Invitation to screening, the exposure, was defined by the woman’s birth cohort and county of residence at the date of diagnosis (see Supplementary Data for details). Because the date of diagnosis was set to the fifteenth day of a given month, we could not determine whether a diagnosis was made before or after the initiation of screening in the month of implementation. Therefore, we excluded the month of implementation and assigned the following month to be the start of screening. Although screening rounds were defined to last 24 months, in practice the first rounds were prolonged in some counties and shortened in others (Falk, 2014).

For each county, we constructed a unique pattern of four groups: a screening group, a historic group, a younger group, and a younger historic group (Figure 1A).

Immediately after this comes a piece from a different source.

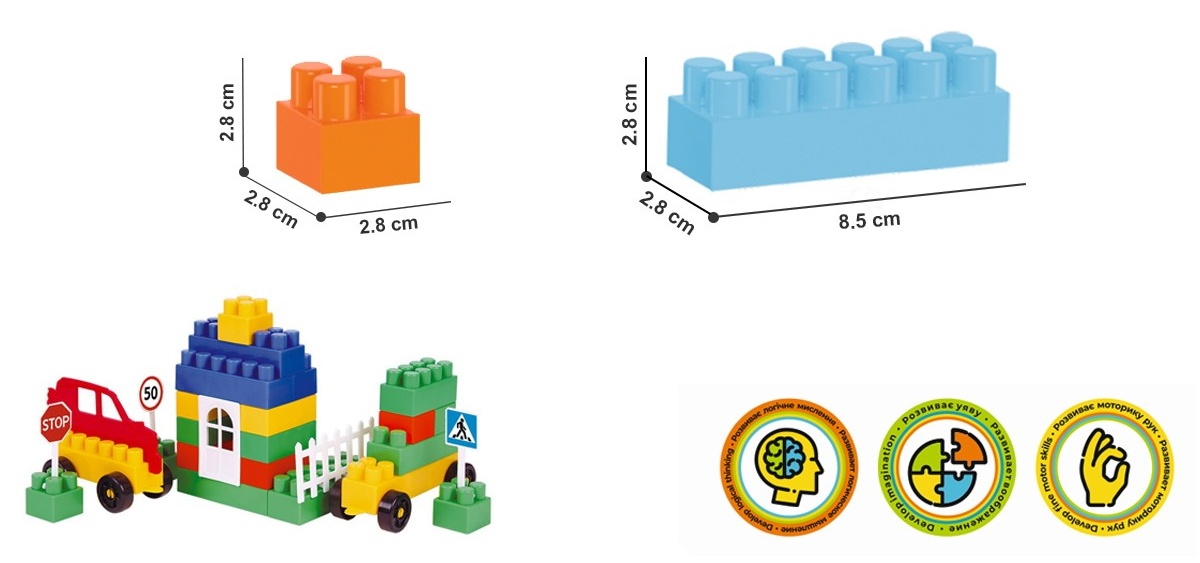 В наборе 380 интересных разнообразных деталей ярких классических цветов. Кирпичики разных размеров, окошки, двери и забор для строительства домиков и замков. Набор дорожных знаков, фигуры машинок и самолета пригодятся для интересных игр с гаражами и паркингами.

The dotted vertical line indicates implementation date of screening and varies among counties according to the actual month of implementation. The two upper jagged lines indicate eligibility for screening based on birth cohorts, rather than age groups, and 2-year screening rounds. This pattern was replicated in the younger and younger historic groups to ensure balanced groups.

Figure 1
figure 1

Study design illustrated for the county of Oslo, where screening was introduced on 8 January 1996. Women are eligible for screening based on birth cohorts and programme start. Younger, ineligible women are below the age of screening. (A) Follow-up ends at the upper age limit for screening. (B) Follow-up of birth cohorts is continued to include the compensatory drop.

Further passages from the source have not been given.